Re: RNS Staff wageroll will be covered by insurance so will get paid

coldascheese 16 Jan 2015

Re: RNS I have sold out-a year is a long time and by then some key staff may have left the company etc etcTo many possible negatives for me. Damage is worse than I thought,it would be.

noidea1960 16 Jan 2015

Re: RNS I'm a Property insurance broker and they will insure Gross Profit under insurance definition being Net Profit Plus fixed expenses

forwardloop 16 Jan 2015

RNS Clean rooms contaminated requiring equipment refurbishing - 12 months disruption. Now to see how good their business interruption insurance is, and what happens to their customers over the interim period.

yodagates 23 Dec 2014

Re: Why the drop y

yodagates 23 Dec 2014

Re: Why the drop y

Ytong 23 Dec 2014

Re: Why the drop There is business interruption insurance?27p.........seems drastic?

forwardloop 22 Dec 2014

drone camera footage [link]

lambrini girl 22 Dec 2014

Re: Why the drop 27p

sturoym6 22 Dec 2014

Re: Fire at new Swansea plant What Coldascheese said is correct in terms of business interruption payments.

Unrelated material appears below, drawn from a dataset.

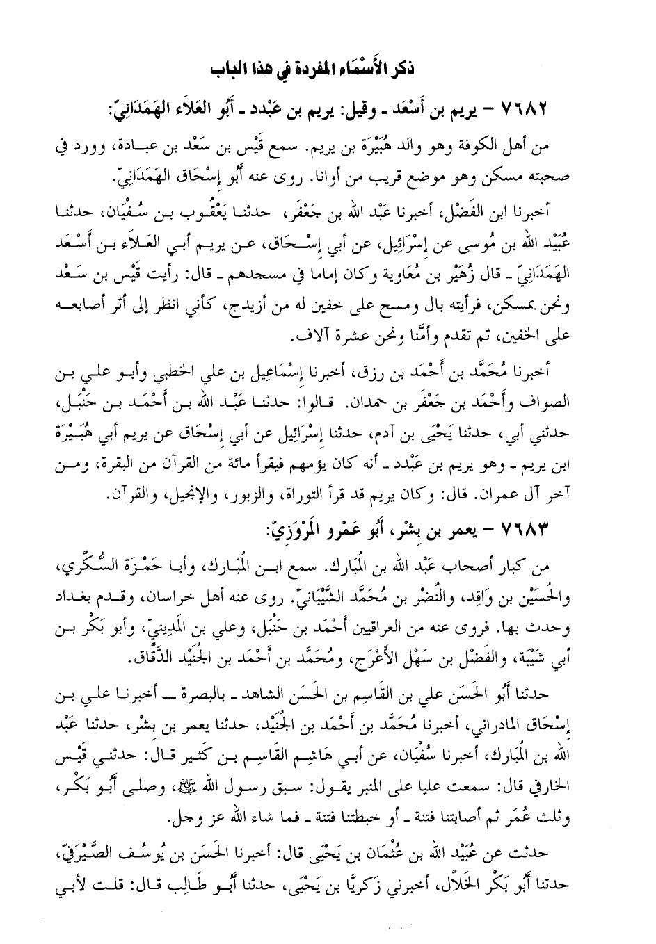 أَخْبَرَنَا مُحَمَّد بْن أَحْمَد بْن رزق، أَخْبَرَنَا إسماعيل بن علي الخطبي وأبو علي بن الصواف وأحمد بْن جَعْفَر بْن حمدان. قالوا: حَدَّثَنَا عَبْد اللَّهِ بْنُ أَحْمَدَ بْنِ حَنْبَلٍ، حَدَّثَنِي أَبِي، حدثنا يحيى بن آدم، حَدَّثَنَا إسرائيل عَن أبي إِسْحَاق عَن يريم أبي هبيرة ابن يَريم- وهو يريم بْن عبدد- أَنَّهُ كَانَ يؤمَّهم فيقرأ مائة من القرآن من البقرة، ومن آخر آل عمران. قَالَ: وكان يريم قد قرأ التوراة، والزبور، والإنجيل، والقرآن.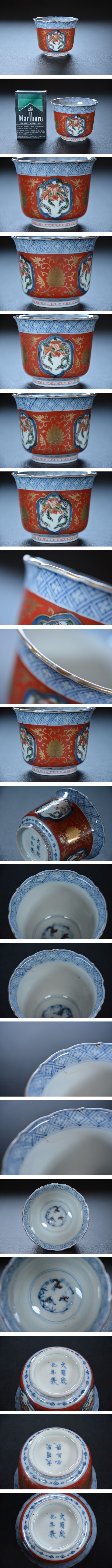 【十三】 古伊万里窓絵鳳凰紋輪花形蕎麦猪口 大明成化年製 江戸期 E 検索用語→A0207向付酒器盃大猪口金襴手

The problem, however, is that clients may go elsewhere until the company gets up and running fully and it may not be that easy to get them back.

coldascheese 22 Dec 2014

Re: Fire at new Swansea plant nsuranceCreated by aimtitan - Today 103Today 14:3650glass6Go to ThreadI used to work in the investment and protection side on retail a few years backMost policies in the manufacturing side have loss of earnings protection which essentially pays out for losses on the order book for that sitethis means pure wafer, once everything is reported, file the full revenue from the site for however long it is downThis is really good as it means any unforeseen costs had the site not been in a fire are mitigatedAdditionally, this means a heep of new equipment definitely a steel at this price, bought in a couple of k in the high 30s

sturoym6 22 Dec 2014

Re: Fire at new Swansea plant I have looked at the videos that you provided links for and, speaking as a fire investigator, it looks to me as if the fire is predominantly outside the building and it mainly involves storage tanks. While there could clearly be some fire effects inside the factory building, if my interpretation of where the fire is centred is correct it looks as if much of the expensive equipment, with long lead times, will be relatively unaffected. In this case, any production loss will hopefully be relatively short lived. In this context, short lived could be 4 to 6 months.